:: TASK GOAL ::
Which lines of the listing below contain the word "Газэнергосервис"? Copy each of them.

:: DATA SUPPLIED ::
***
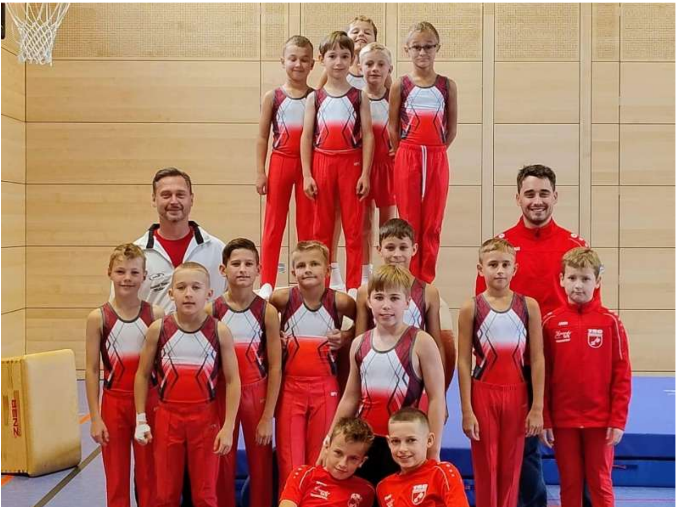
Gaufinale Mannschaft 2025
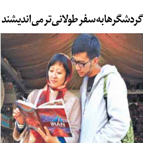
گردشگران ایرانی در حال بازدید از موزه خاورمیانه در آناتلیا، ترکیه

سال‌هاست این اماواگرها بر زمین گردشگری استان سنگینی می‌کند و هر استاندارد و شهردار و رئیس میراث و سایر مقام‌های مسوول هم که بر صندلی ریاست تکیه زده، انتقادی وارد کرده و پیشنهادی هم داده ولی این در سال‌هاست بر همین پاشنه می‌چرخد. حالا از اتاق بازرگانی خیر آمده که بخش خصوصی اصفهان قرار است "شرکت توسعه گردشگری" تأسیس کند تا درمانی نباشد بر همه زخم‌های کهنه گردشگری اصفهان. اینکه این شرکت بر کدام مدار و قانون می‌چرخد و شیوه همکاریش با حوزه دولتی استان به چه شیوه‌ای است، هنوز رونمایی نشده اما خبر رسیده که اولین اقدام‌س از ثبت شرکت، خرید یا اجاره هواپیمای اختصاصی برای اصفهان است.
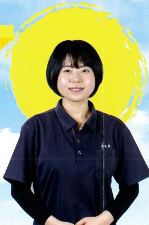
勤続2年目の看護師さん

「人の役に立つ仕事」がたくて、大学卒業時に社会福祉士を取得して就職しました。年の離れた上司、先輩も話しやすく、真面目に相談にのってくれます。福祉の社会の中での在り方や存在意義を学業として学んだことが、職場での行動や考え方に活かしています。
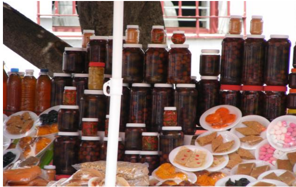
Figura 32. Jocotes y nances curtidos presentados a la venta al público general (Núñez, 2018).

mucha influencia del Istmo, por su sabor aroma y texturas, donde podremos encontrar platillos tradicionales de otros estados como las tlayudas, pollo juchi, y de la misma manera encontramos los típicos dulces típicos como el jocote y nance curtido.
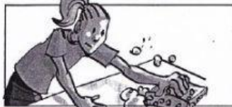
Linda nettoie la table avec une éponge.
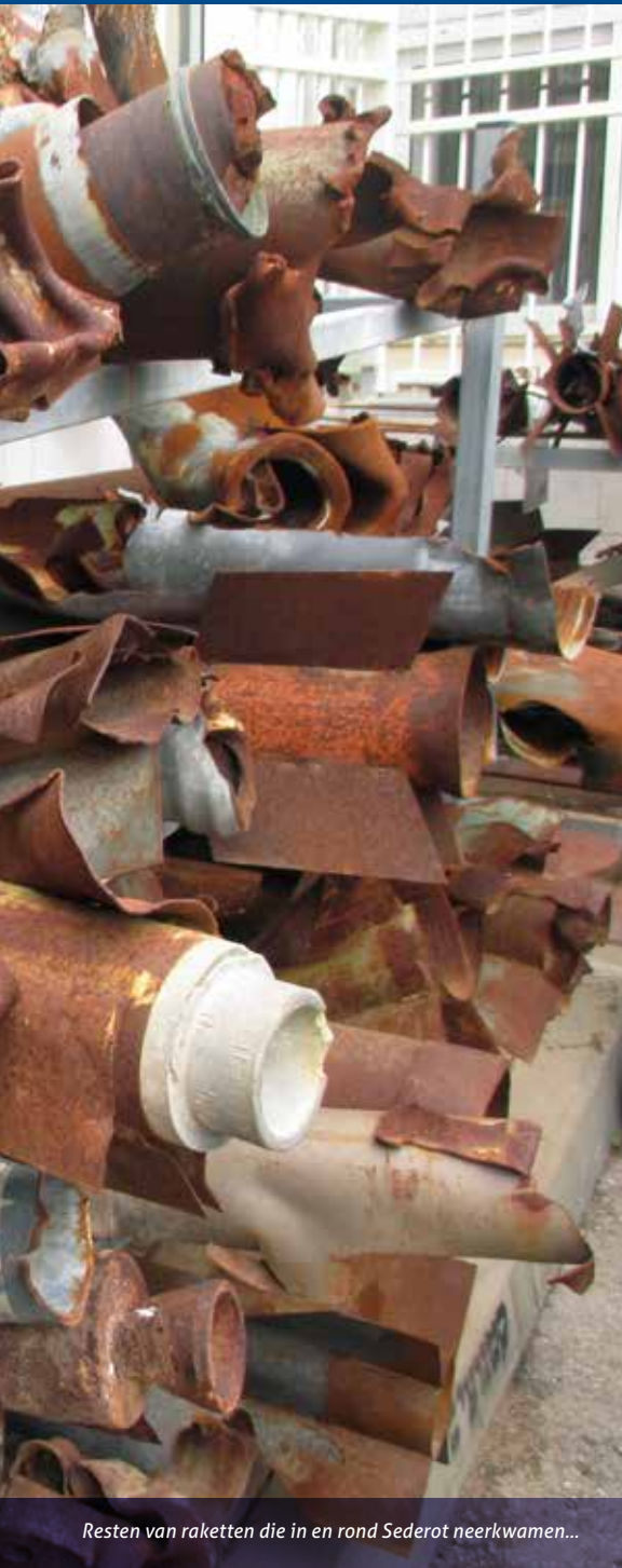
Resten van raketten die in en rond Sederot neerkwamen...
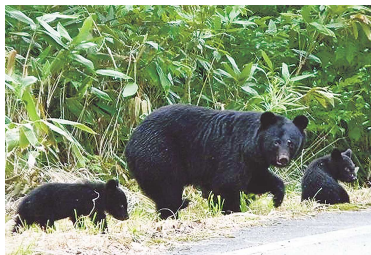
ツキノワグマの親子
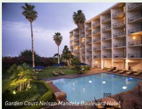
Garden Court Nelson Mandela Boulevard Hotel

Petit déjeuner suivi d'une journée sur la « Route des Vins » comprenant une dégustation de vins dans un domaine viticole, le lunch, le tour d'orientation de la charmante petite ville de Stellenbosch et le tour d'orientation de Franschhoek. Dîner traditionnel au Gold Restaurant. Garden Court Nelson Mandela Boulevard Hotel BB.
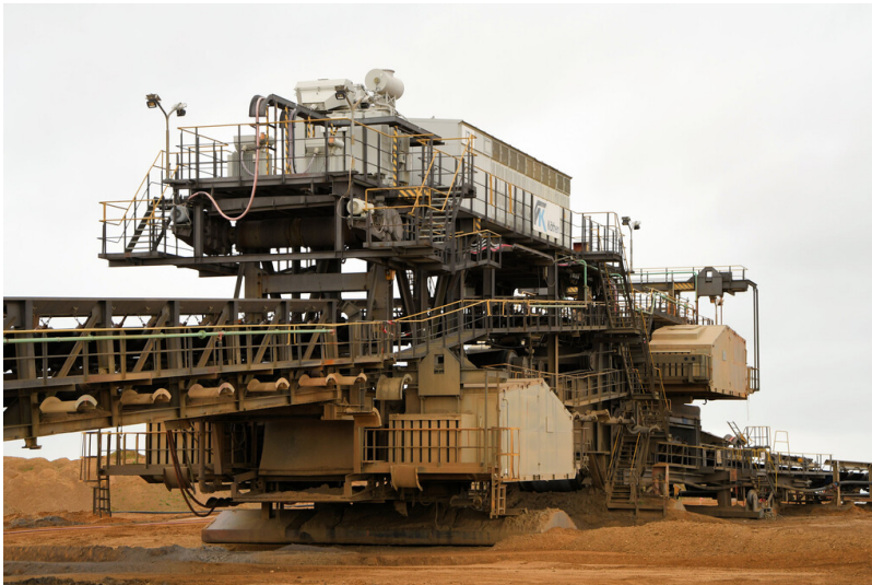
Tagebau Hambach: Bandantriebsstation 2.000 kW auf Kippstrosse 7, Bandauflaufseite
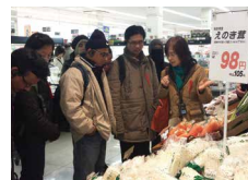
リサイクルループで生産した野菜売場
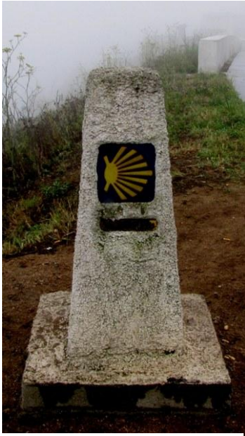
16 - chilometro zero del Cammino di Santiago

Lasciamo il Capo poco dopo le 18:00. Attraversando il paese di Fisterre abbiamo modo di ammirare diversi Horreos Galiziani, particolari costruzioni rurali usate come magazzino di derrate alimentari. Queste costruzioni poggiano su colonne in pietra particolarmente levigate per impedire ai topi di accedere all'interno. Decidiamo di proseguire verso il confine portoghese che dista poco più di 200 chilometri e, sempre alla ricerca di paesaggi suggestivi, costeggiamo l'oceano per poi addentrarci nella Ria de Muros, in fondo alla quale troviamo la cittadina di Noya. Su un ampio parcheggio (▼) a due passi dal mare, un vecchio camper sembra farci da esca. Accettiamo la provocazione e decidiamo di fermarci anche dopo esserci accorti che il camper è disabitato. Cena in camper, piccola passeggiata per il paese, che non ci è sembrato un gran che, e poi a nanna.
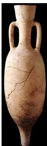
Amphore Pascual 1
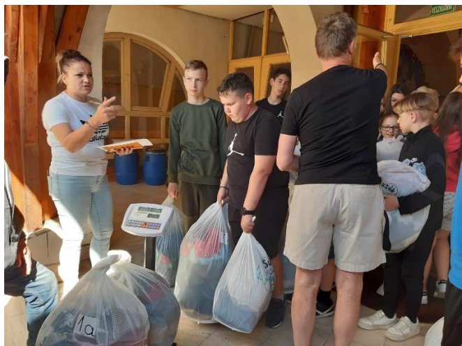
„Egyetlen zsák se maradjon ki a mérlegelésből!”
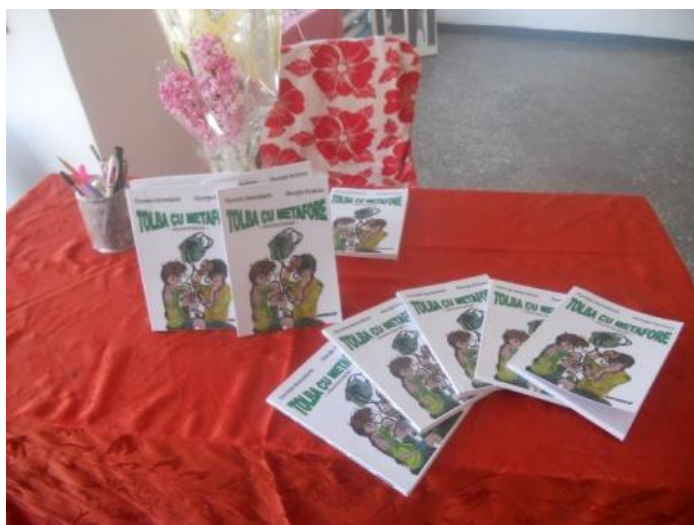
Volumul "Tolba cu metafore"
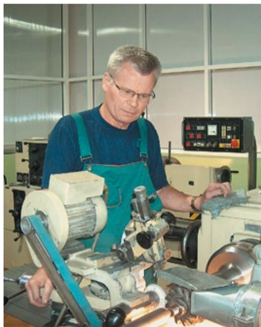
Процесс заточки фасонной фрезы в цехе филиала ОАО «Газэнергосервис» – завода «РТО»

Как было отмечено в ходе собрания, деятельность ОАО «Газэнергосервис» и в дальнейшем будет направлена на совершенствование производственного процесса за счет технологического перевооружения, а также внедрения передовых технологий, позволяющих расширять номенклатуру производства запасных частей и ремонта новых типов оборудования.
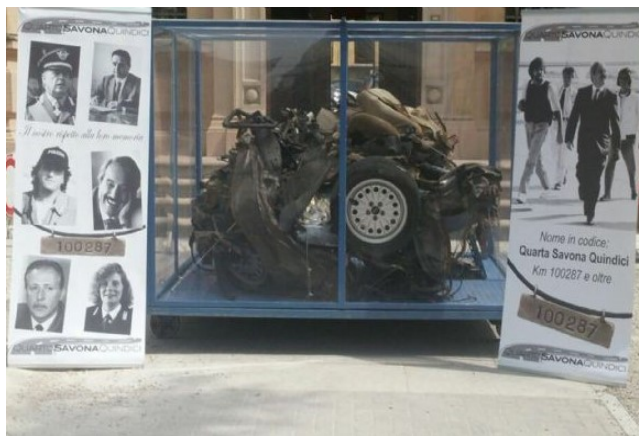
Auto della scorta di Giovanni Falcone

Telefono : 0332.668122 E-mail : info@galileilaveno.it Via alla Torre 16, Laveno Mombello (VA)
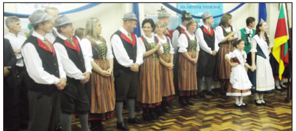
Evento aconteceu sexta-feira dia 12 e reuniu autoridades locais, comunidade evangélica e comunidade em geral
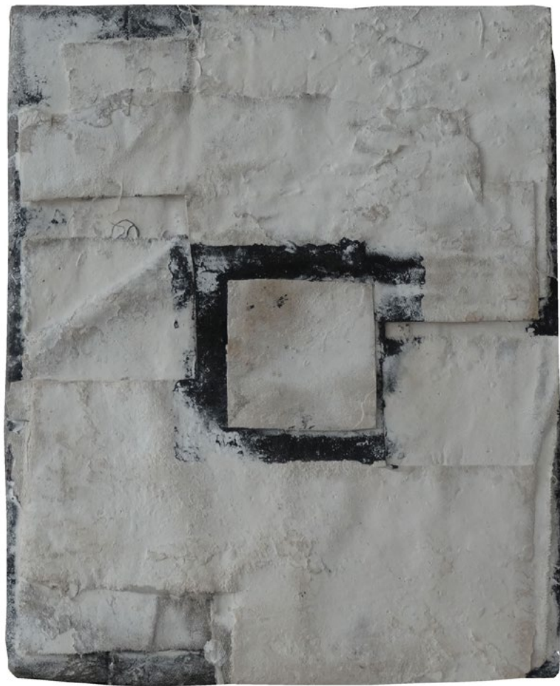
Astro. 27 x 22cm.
***
:: SOLUTION TO THE EXERCISE ::
Процесс заточки фасонной фрезы в цехе филиала ОАО «Газэнергосервис» – завода «РТО»
Как было отмечено в ходе собрания, деятельность ОАО «Газэнергосервис» и в дальнейшем будет направлена на совершенствование производственного процесса за счет технологического перевооружения, а также внедрения передовых технологий, позволяющих расширять номенклатуру производства запасных частей и ремонта новых типов оборудования.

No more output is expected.